Materials provided:
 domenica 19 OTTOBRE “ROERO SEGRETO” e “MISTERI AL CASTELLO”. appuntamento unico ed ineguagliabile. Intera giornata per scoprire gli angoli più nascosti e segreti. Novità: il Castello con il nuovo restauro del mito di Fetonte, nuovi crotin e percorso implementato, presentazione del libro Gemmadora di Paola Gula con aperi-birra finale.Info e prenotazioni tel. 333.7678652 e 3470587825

* * *

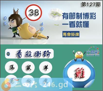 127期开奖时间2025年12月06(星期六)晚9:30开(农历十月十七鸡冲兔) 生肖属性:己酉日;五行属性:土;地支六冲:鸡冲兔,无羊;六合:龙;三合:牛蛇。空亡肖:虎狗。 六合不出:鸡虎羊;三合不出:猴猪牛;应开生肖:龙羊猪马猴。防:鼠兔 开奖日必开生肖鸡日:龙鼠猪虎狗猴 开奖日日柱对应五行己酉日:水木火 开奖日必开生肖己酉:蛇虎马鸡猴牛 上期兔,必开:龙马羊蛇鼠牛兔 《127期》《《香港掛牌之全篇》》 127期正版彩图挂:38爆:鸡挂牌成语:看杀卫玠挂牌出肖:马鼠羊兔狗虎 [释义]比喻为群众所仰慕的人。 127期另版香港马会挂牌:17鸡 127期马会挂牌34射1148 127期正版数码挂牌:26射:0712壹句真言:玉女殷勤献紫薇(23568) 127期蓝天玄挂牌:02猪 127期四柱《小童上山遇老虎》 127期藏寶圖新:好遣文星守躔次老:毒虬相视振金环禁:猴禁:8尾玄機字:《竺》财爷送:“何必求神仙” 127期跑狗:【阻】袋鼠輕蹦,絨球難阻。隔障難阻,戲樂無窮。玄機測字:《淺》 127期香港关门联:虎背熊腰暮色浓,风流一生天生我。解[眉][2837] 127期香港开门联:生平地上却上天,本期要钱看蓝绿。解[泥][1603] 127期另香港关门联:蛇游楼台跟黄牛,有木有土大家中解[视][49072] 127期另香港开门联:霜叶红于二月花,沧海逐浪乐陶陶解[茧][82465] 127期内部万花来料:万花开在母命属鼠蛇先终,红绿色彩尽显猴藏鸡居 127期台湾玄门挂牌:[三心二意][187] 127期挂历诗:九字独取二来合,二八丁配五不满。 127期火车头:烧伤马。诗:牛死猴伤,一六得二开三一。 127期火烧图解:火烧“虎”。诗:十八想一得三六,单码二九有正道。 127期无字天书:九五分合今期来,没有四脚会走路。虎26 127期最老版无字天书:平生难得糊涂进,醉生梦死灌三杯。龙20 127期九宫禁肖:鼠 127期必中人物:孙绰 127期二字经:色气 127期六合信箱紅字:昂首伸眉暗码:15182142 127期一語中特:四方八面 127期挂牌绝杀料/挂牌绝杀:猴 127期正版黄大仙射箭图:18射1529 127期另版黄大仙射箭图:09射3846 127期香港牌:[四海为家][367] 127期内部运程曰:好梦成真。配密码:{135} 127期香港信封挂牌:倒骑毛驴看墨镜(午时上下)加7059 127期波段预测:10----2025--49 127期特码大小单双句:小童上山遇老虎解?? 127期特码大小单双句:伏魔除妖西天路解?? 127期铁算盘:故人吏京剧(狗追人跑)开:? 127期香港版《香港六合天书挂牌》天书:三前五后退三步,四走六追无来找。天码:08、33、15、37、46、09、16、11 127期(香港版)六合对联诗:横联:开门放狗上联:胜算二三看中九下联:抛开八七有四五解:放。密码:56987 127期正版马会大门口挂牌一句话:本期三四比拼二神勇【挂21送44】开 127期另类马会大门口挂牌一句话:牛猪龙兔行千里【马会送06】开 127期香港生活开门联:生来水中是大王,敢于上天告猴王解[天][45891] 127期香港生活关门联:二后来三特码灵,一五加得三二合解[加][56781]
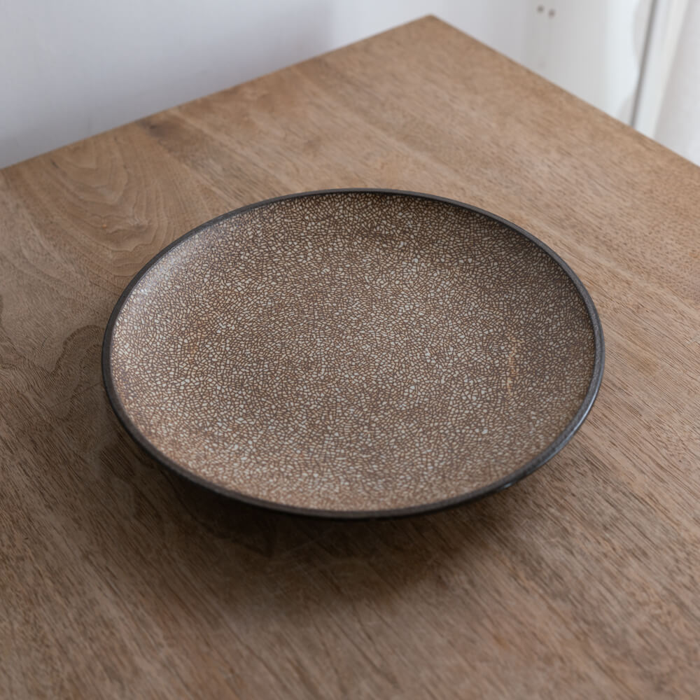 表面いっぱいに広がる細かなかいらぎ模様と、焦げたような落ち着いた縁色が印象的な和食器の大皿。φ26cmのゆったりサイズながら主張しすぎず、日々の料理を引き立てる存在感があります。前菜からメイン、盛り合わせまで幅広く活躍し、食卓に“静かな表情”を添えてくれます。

Work task:
From the records above, return exactly the lines running from the one that contains "开奖日必开生肖鸡日:龙鼠猪虎狗猴 开奖日日柱对应五行己酉日:水木火 开奖日必开生肖己酉:蛇虎马鸡猴牛" down to the one that contains "表面いっぱいに広がる細かなか", both included, without any pictures.

Problem solution:
 127期开奖时间2025年12月06(星期六)晚9:30开(农历十月十七鸡冲兔) 生肖属性:己酉日;五行属性:土;地支六冲:鸡冲兔,无羊;六合:龙;三合:牛蛇。空亡肖:虎狗。 六合不出:鸡虎羊;三合不出:猴猪牛;应开生肖:龙羊猪马猴。防:鼠兔 开奖日必开生肖鸡日:龙鼠猪虎狗猴 开奖日日柱对应五行己酉日:水木火 开奖日必开生肖己酉:蛇虎马鸡猴牛 上期兔,必开:龙马羊蛇鼠牛兔 《127期》《《香港掛牌之全篇》》 127期正版彩图挂:38爆:鸡挂牌成语:看杀卫玠挂牌出肖:马鼠羊兔狗虎 [释义]比喻为群众所仰慕的人。 127期另版香港马会挂牌:17鸡 127期马会挂牌34射1148 127期正版数码挂牌:26射:0712壹句真言:玉女殷勤献紫薇(23568) 127期蓝天玄挂牌:02猪 127期四柱《小童上山遇老虎》 127期藏寶圖新:好遣文星守躔次老:毒虬相视振金环禁:猴禁:8尾玄機字:《竺》财爷送:“何必求神仙” 127期跑狗:【阻】袋鼠輕蹦,絨球難阻。隔障難阻,戲樂無窮。玄機測字:《淺》 127期香港关门联:虎背熊腰暮色浓,风流一生天生我。解[眉][2837] 127期香港开门联:生平地上却上天,本期要钱看蓝绿。解[泥][1603] 127期另香港关门联:蛇游楼台跟黄牛,有木有土大家中解[视][49072] 127期另香港开门联:霜叶红于二月花,沧海逐浪乐陶陶解[茧][82465] 127期内部万花来料:万花开在母命属鼠蛇先终,红绿色彩尽显猴藏鸡居 127期台湾玄门挂牌:[三心二意][187] 127期挂历诗:九字独取二来合,二八丁配五不满。 127期火车头:烧伤马。诗:牛死猴伤,一六得二开三一。 127期火烧图解:火烧“虎”。诗:十八想一得三六,单码二九有正道。 127期无字天书:九五分合今期来,没有四脚会走路。虎26 127期最老版无字天书:平生难得糊涂进,醉生梦死灌三杯。龙20 127期九宫禁肖:鼠 127期必中人物:孙绰 127期二字经:色气 127期六合信箱紅字:昂首伸眉暗码:15182142 127期一語中特:四方八面 127期挂牌绝杀料/挂牌绝杀:猴 127期正版黄大仙射箭图:18射1529 127期另版黄大仙射箭图:09射3846 127期香港牌:[四海为家][367] 127期内部运程曰:好梦成真。配密码:{135} 127期香港信封挂牌:倒骑毛驴看墨镜(午时上下)加7059 127期波段预测:10----2025--49 127期特码大小单双句:小童上山遇老虎解?? 127期特码大小单双句:伏魔除妖西天路解?? 127期铁算盘:故人吏京剧(狗追人跑)开:? 127期香港版《香港六合天书挂牌》天书:三前五后退三步,四走六追无来找。天码:08、33、15、37、46、09、16、11 127期(香港版)六合对联诗:横联:开门放狗上联:胜算二三看中九下联:抛开八七有四五解:放。密码:56987 127期正版马会大门口挂牌一句话:本期三四比拼二神勇【挂21送44】开 127期另类马会大门口挂牌一句话:牛猪龙兔行千里【马会送06】开 127期香港生活开门联:生来水中是大王,敢于上天告猴王解[天][45891] 127期香港生活关门联:二后来三特码灵,一五加得三二合解[加][56781]
 表面いっぱいに広がる細かなかいらぎ模様と、焦げたような落ち着いた縁色が印象的な和食器の大皿。φ26cmのゆったりサイズながら主張しすぎず、日々の料理を引き立てる存在感があります。前菜からメイン、盛り合わせまで幅広く活躍し、食卓に“静かな表情”を添えてくれます。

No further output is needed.